__PROBLEM DETAILS__:
Leave the pictures out, and repeat exactly every line from the one with "Bukti Withdraw ( 7,002,500,- )" through the end of the data below.

__INPUT DATA__:
▽
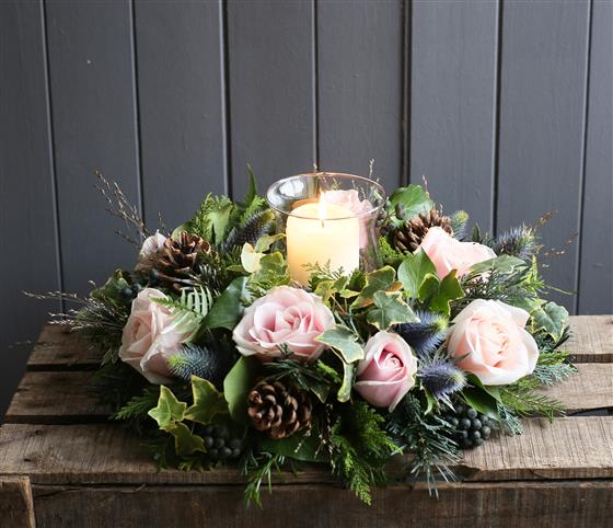 A stunning posy of flowers surrounding a candle in a glass holder. A very natural arrangement of seasonal foliage finished with pink roses and thistle.
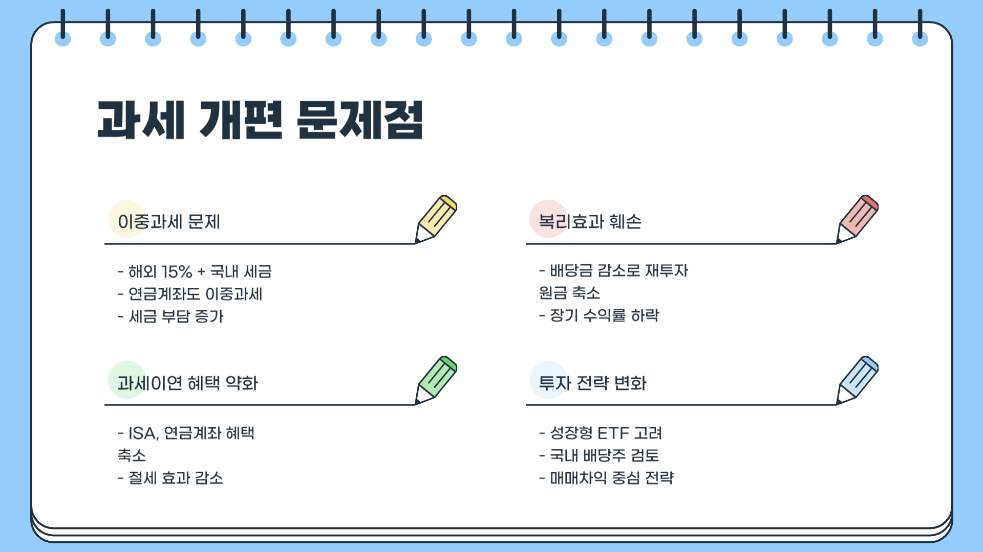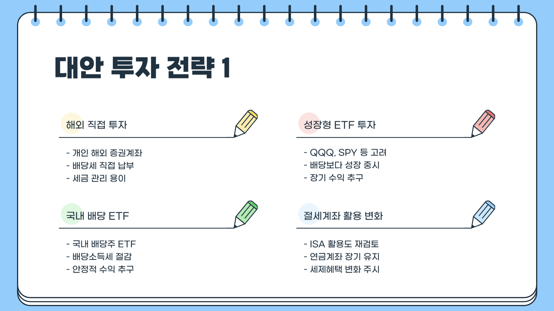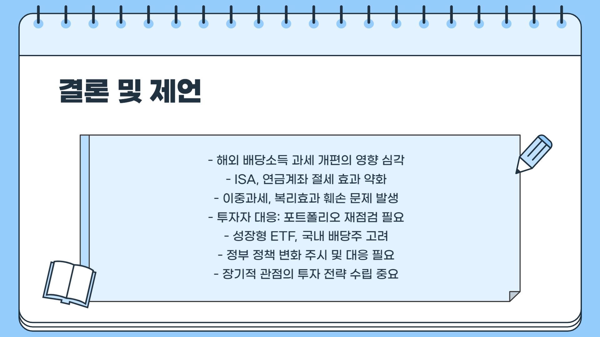 2025년 해외 배당소득 과세 개편은 ISA·연금계좌를 활용한 배당 투자자들에게 상당한 변화를 가져올 전망이다. 배당 중심 투자자는 전략을 조정할 필요가 있으며, 성장형 ETF 활용, 국내 배당 ETF 투자, 정부 보완책 모니터링 등을 통해 대응 전략을 마련해야 한다. 앞으로 변화하는 세법을 지속적으로 주시하며 장기적인 투자 플랜을 재정비하는 것이 중요하다.
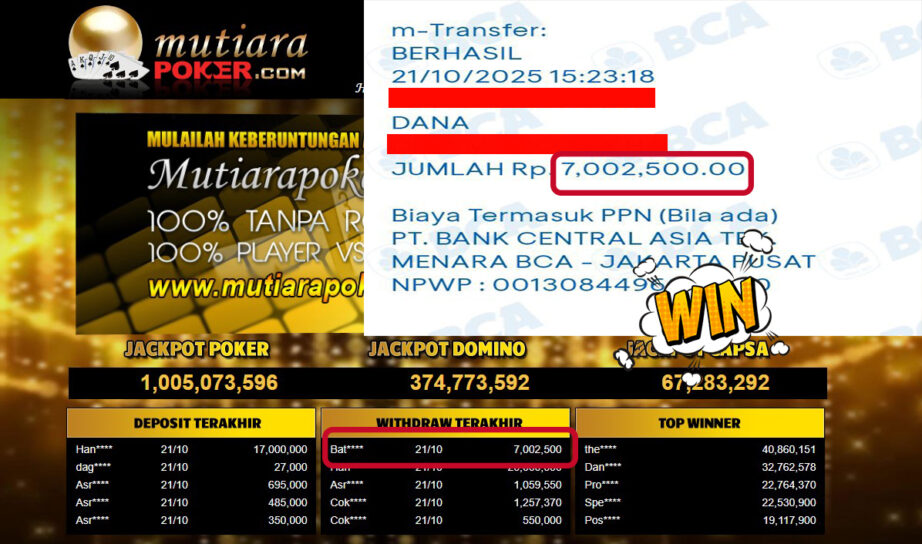 Bukti Withdraw ( 7,002,500,- ) Member Setia MutiaraPokerc
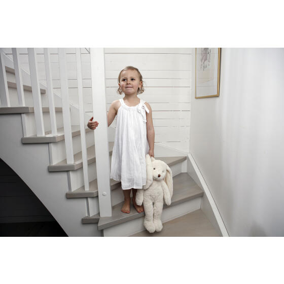 Denne bamse er lavet med tanke på fremtiden og planeten. Den er lavet af Oeko-Tex certificeret materiale og fyldet er lavet af genbrugsplast. Svea er en sød lille kanin med lange ører, som er god til at holde på barnets hemmeligheder. Den har en rigtig silkeblød pels med en lille snude af brunt garn. Vaskes ved 40 grader. Alder: +0 mdr Størrelse: 45 cm Materiale: Oeko-Tex certificeret Øjne: Broderede- Varenr.
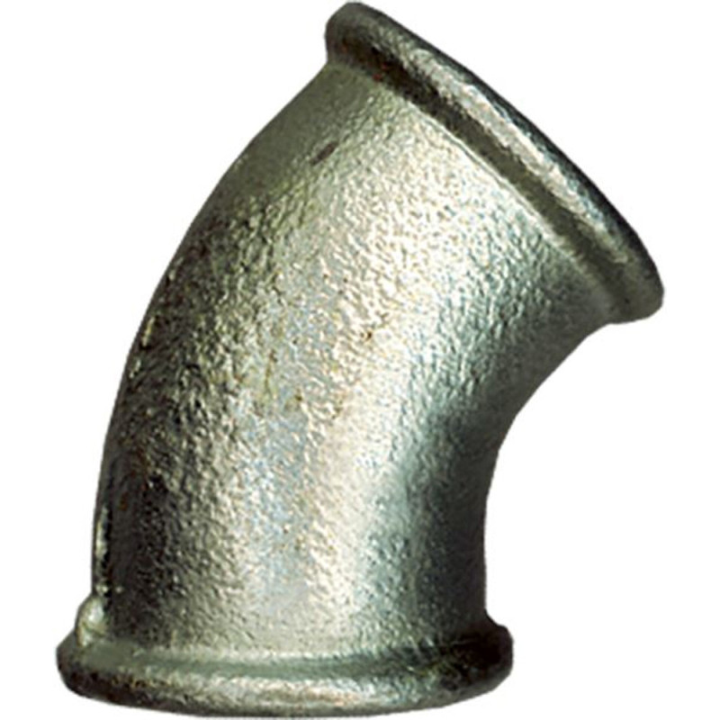 Ce coude à 45 degrés de la marque Saninstal, de type FF et au diamètre nominal de 1/2", est fabriqué en acier zingué. Il permet la réalisation de raccordements angulaires précis dans les installations de plomberie.
△
__REPLY__:
 Bukti Withdraw ( 7,002,500,- ) Member Setia MutiaraPokerc
 Denne bamse er lavet med tanke på fremtiden og planeten. Den er lavet af Oeko-Tex certificeret materiale og fyldet er lavet af genbrugsplast. Svea er en sød lille kanin med lange ører, som er god til at holde på barnets hemmeligheder. Den har en rigtig silkeblød pels med en lille snude af brunt garn. Vaskes ved 40 grader. Alder: +0 mdr Størrelse: 45 cm Materiale: Oeko-Tex certificeret Øjne: Broderede- Varenr.
 Ce coude à 45 degrés de la marque Saninstal, de type FF et au diamètre nominal de 1/2", est fabriqué en acier zingué. Il permet la réalisation de raccordements angulaires précis dans les installations de plomberie.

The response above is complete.